Molière. Tras disfrutar con El inocente, la muy divertida, libre y arriesgada película de Louis Garrel, estuve pensando sobre la estrepitosa decadencia de las comedias cinematográficas francesas, fenómeno que va unido, aunque no sea fácil de comprender, a su considerable éxito en Francia, por descontado, y también en España desde hace años.
Celebramos en 2022 los cuatrocientos años del nacimiento de Molière, padre indiscutido de la moderna comedia europea, bien entendido que vampirizó con descaro a los comediógrafos españoles del Siglo de Oro, quienes a su vez tomaron buena nota de la commedia dell’arte. Con semejante patrón teatral, lo cierto es que la comedia cinematográfica francesa no tuvo en la segunda mitad del siglo XX un sello tan prestigioso, definido y, a la vez, popular como la inglesa y la italiana, de amplio recorrido internacional. La española, emparentada con esta última, y ligada más al esperpento, al sainete, al astracán y al absurdo que al Siglo de Oro –normal–, tampoco tuvo circulación internacional, salvo en el caso del Berlanga de los años 50-60, hasta que surgió Pedro Almodóvar.
No hay que irse a Molière, claro, para sorprenderse no de la baja calidad de la hoy tan comercial y proliferante comedia francesa, sino de su falta de identidad, aunque acaso sea deudora de los ingredientes más toscos, llevados al trazo grueso, del teatro de boulevard, cuando no fruto de una sobrecarga insoportable del más cursi sentimentalismo.
La comedia francesa ha perdido un hilo de humor fino proveniente de Jean Renoir
Autores. No hace falta, digo, irse a Molière, porque el humor teatral y literario (y cinematográfico) de todo cariz tuvo después, y cito a lo loco, a autores tan relevantes como Alfred Jarry, Georges Feydeau, Sacha Guitry, Marcel Achard, Raymond Queneau, Boris Vian y tantos otros, incluidos los importados Eugène Ionesco y Artur Adamov, pero se diría que esta herencia o este menú a elegir (hay más nombres) fueron desaprovechados con alguna clamorosa excepción y dejando aparte –fueron ínsulas– a dos directores y actores tan singulares como Pierre Étaix y Jacques Tati.
En el cine, que es a lo que vamos, intérpretes como Fernandel, Bourvil o Louis de Funes –mi debilidad, un peligro– reinaron en la taquilla, incluso europea, con su histrionismo populachero y sus directores de cabecera, en parte antecesores, con los “tontons”, los “bronzés” y los gendarmes, de la cosecha actual de “visitantes” y otras malas hierbas.
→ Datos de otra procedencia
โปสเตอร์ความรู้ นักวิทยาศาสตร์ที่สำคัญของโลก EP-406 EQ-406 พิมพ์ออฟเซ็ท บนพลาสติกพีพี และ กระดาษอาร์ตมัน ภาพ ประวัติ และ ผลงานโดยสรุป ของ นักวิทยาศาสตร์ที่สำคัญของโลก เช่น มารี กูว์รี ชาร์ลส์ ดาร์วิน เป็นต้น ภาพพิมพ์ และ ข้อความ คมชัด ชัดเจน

Pero en Inglaterra se habían hecho las deliciosas comedias irónicas o negras de los Estudios Ealing (¡toda una marca, con Alec Guinness como actor cómico!) y en Italia hubo, en una amplia franja de años, un “equipo” insuperable: Vittorio Gassman, Alberto Sordi, Ugo Tognazzi, Nino Manfredi, Marcello Mastroianni, Vittorio De Sica y, por supuesto, Sophia Loren.
Humor. En esta infinidad de comedias francesas del momento, ñoñas a lo Intocable (2011) o desmadradas como las interpretadas por Christian Clavier y su troupe familiar, uno no ve la huella de ocasionales buenos directores de comedia como Philippe de Broca, Bertrand Blier, Claude Lelouch o Yves Robert, sino la permanente degradación de aquella comedia popular sesentera y de dos hits indiscutibles: La jaula de las locas (1978) y La cena de los idiotas (1998). Más, ya digo, la eclosión pringosa de la comedia sentimentaloide.
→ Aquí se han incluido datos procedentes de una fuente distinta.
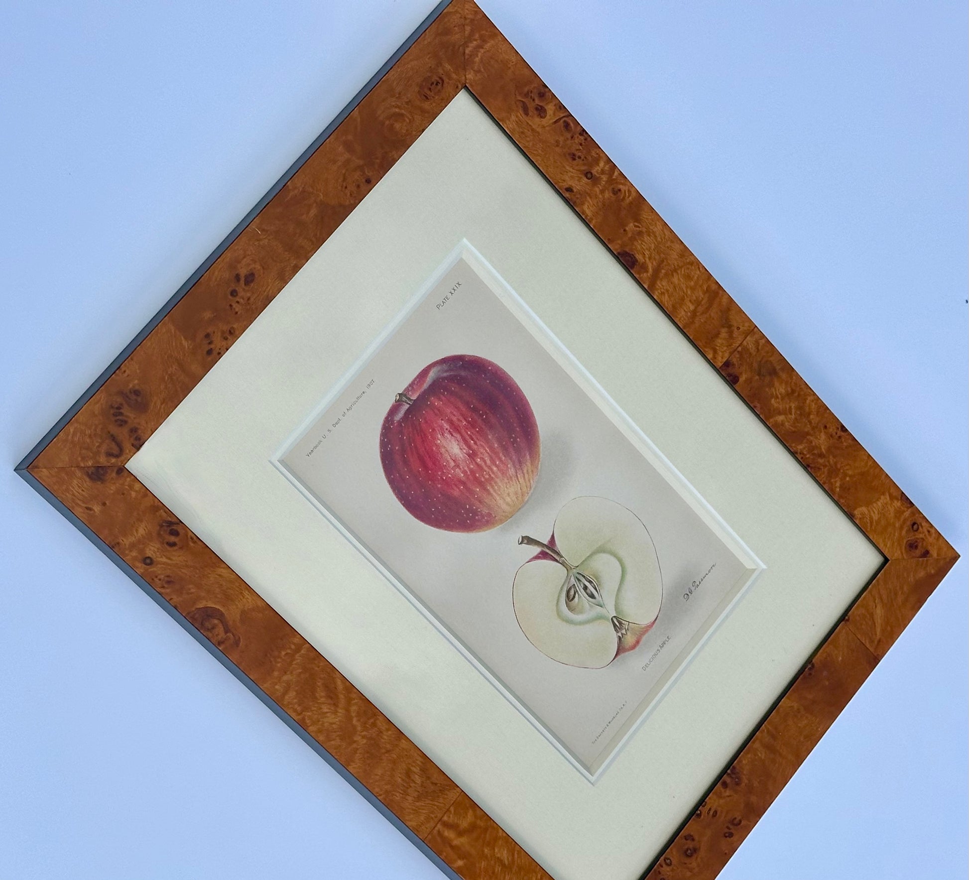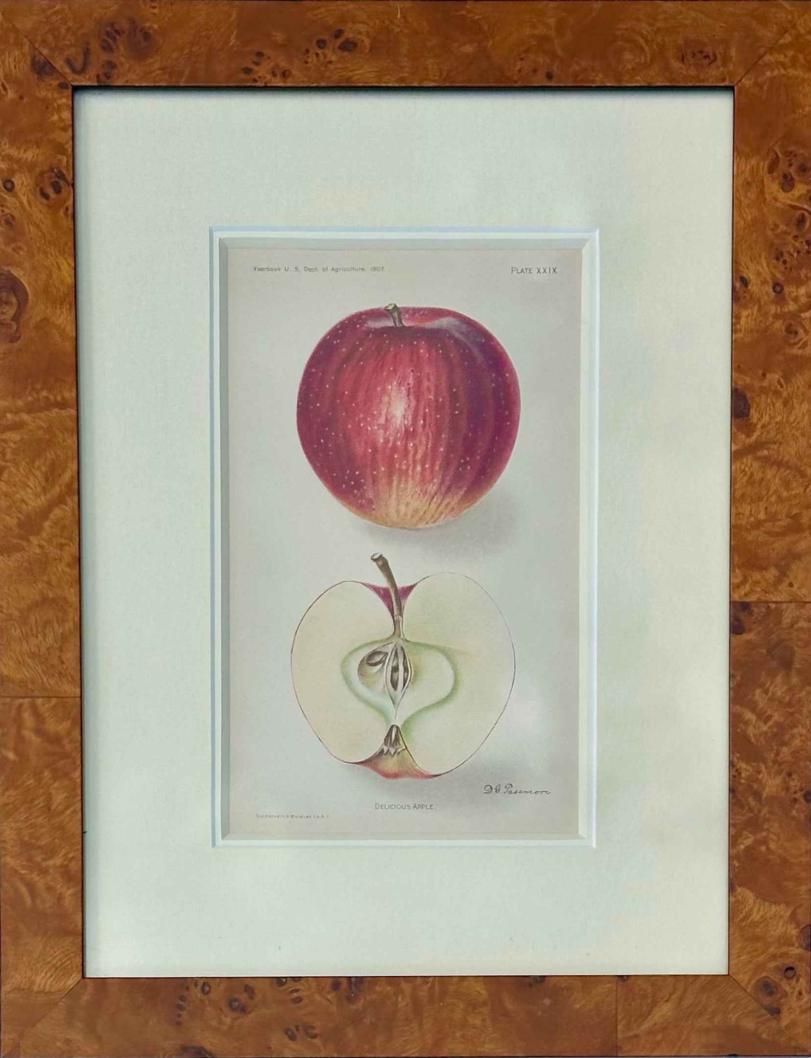 Original chromolithograph of red delicious apple and it's cross section by Deborah G. Passmore from the 1903 Yearbook Dept of Agriculture.
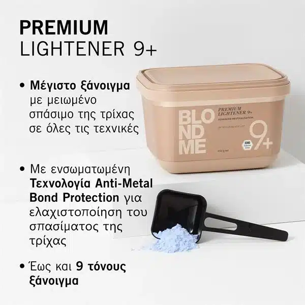 Το Schwarzkopf Professional BLONDME Premium Lightener 9+ είναι μια υπερ-ισχυρή ξανθυστική πούδρα που προσφέρει έως και 9 τόνους ξανοίγματος με μέγιστη προστασία της τρίχας. Εξασφαλίζει ομοιόμορφο, καθαρό αποτέλεσμα και ελαχιστοποιεί τη φθορά, χάρη στην Advanced Bonding Technology.
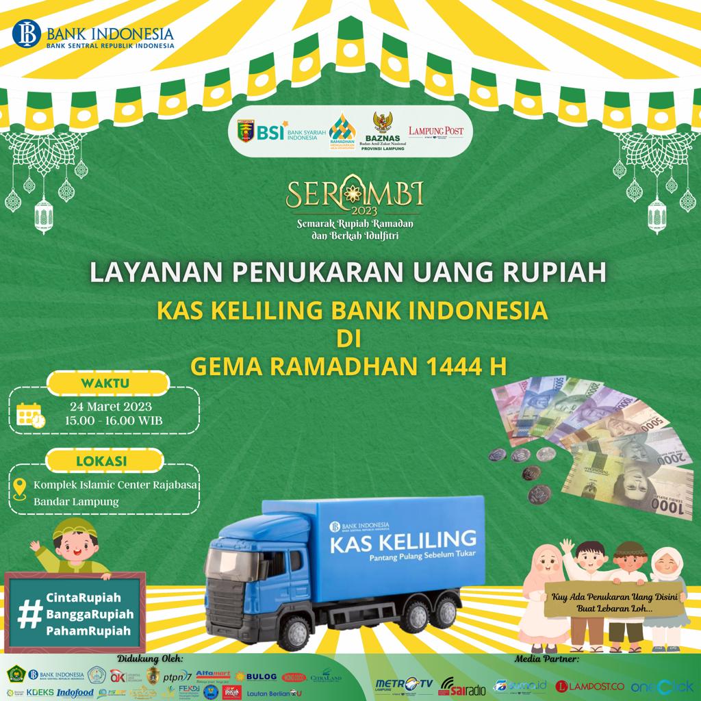 Secara nasional, Bank Indonesia pada tahun 2023 menyiapkan uang tunai senilai Rp195 triliun untuk memenuhi kebutuhan uang tunai layak edar selama periode Ramadhan dan Idul Fitri 1444 H, serta membuka titik layanan di 5.066 titik di seluruh Indonesia, bertambah 377 titik atau naik sebesar 8,22% (yoy) dari tahun 2022. Untuk memenuhi kebutuhan uang rupiah di wilayah Provinsi Lampung, Bank Indonesia menyiapkan uang kartal sebesar Rp4,5 triliun yang layak edar selama periode Ramadhan dan Idul Fitri 2023. Jumlah uang yang disediakan tersebut meningkat sebesar 20,9% jika dibandingkan dengan tahun sebelumnya sebesar Rp 3,7 triliun. Hal ini merupakan wujud komitmen Bank Indonesia bersama perbankan dalam memenuhi kebutuhan uang layak edar bagi masyarakat di wilayah Provinsi Lampung.
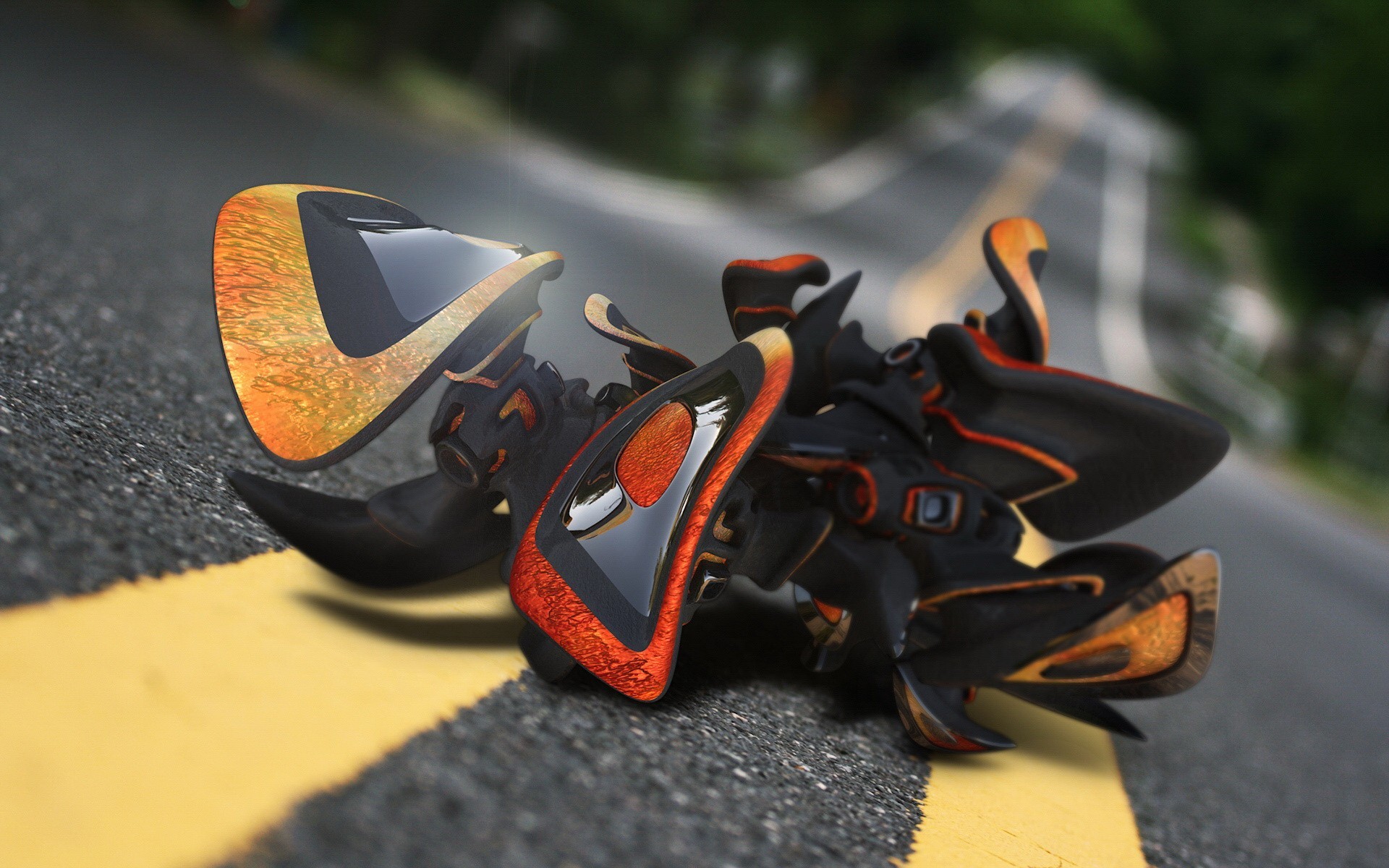 The road to the city against the background of another planetThe road to the city against the background of another planet

Lo uno y lo otro –con aciertos discontinuos de Agnès Jaoui, Patrick Leconte, François Ozon y alguno más– dista mucho del humor con el que el cine francés ha abrillantado con frescura y desparpajo, eso sí, películas de gánsters, capa y espada y aventuras. Toque Belmondo, diríamos. Pero se ha perdido un hilo de humor fino que, proveniente de Jean Renoir y Jacques Becker, afloró entre los dobladillos de varios directores de la Nueva Ola, el François Truffaut, por ejemplo, de la serie sobre Antoine Doinel a la cabeza. Con ellos tienen que ver El inocente y Louis Garrel, y su gozosa historia en el trapecio sin red de dos amores conflictivos y un desopilante atraco.